Thyroid carcinoma is the most common endocrine tumor. It is classified as well-differentiated thyroid carcinoma (WDTC) and anaplastic/undifferentiated thyroid carcinoma (ATC). Papillary thyroid carcinoma (PTC) is estimated to account for 80% of WDTC.1 Its fundamental treatment involves total or subtotal thyroidectomy. Beta-emitting radioactive iodine, also called iodine-131 (131I), is routinely utilized to target remnant thyroid cancer and metastasis after thyroidectomy. Unfortunately, about 30% of patients have either a poor ability or an absence of iodine uptake.2 The effectiveness of other therapeutic modalities, including chemotherapy and radiation, also remains unsatisfactory; thus, these patients have a poor prognosis.
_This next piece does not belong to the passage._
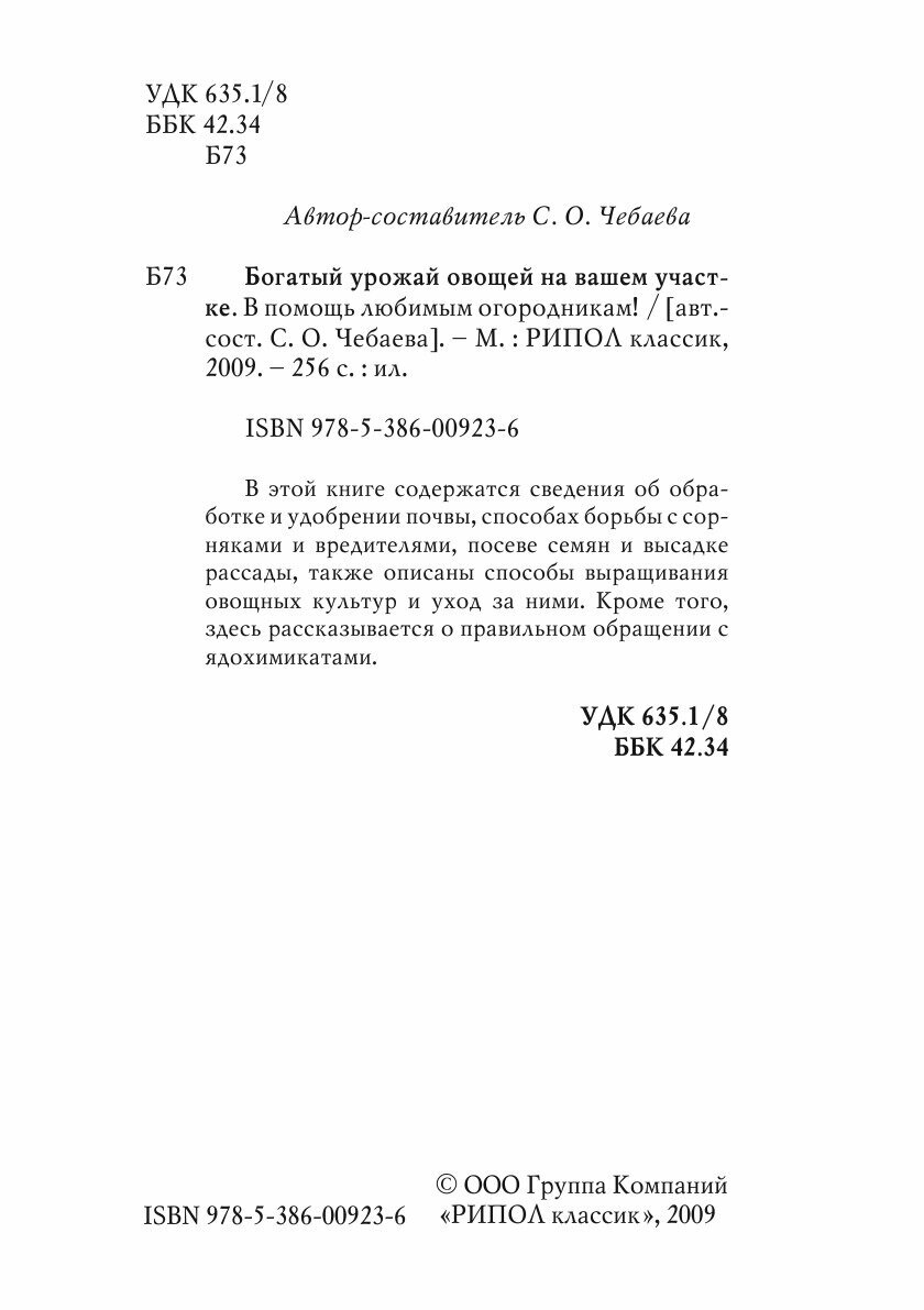 Богатый урожай овощей на вашем участке В помощь любимым огородникам Чебаева С О Рипол (Группа авторов); РИПОЛ Классик, 2009

The manner in which 131I uptake in these patients can be improved is vital for their prognosis.

The unique function of thyroid follicular epithelial cells involves utilizing iodine to synthesize thyroid hormones; the process involves thyroid-specific iodine handing.3 The efficacy of 131I to destroy target tumors is dependent on the tissue-selective induction of the sodium-iodine symporter (NIS). 131I is transported into cancer cells via the NIS expressed on the basal membrane, where it exerts a local destructive effect. Thyroid-stimulating hormone (TSH) can increase the expression of the NIS gene and improve the efficacy of 131I therapy.4,5

Paired-box 8 (Pax8) is a member of the paired-box-containing protein family and is expressed in the thyroid.6 It plays a significant role in the differentiation of thyroid cells and, based on a study of Pax8 knockout mice, it seems to be significant for the formation of follicles of polarized epithelial thyroid cells.7 It has recently been reported that reduced expression of the NIS gene in human papillary thyroid cancer cells is the partial reason for absent or reduced DNA binding of transcription factors, such as Pax8.8 Pax8 protein regulates several genes involved in the production of thyroid hormones.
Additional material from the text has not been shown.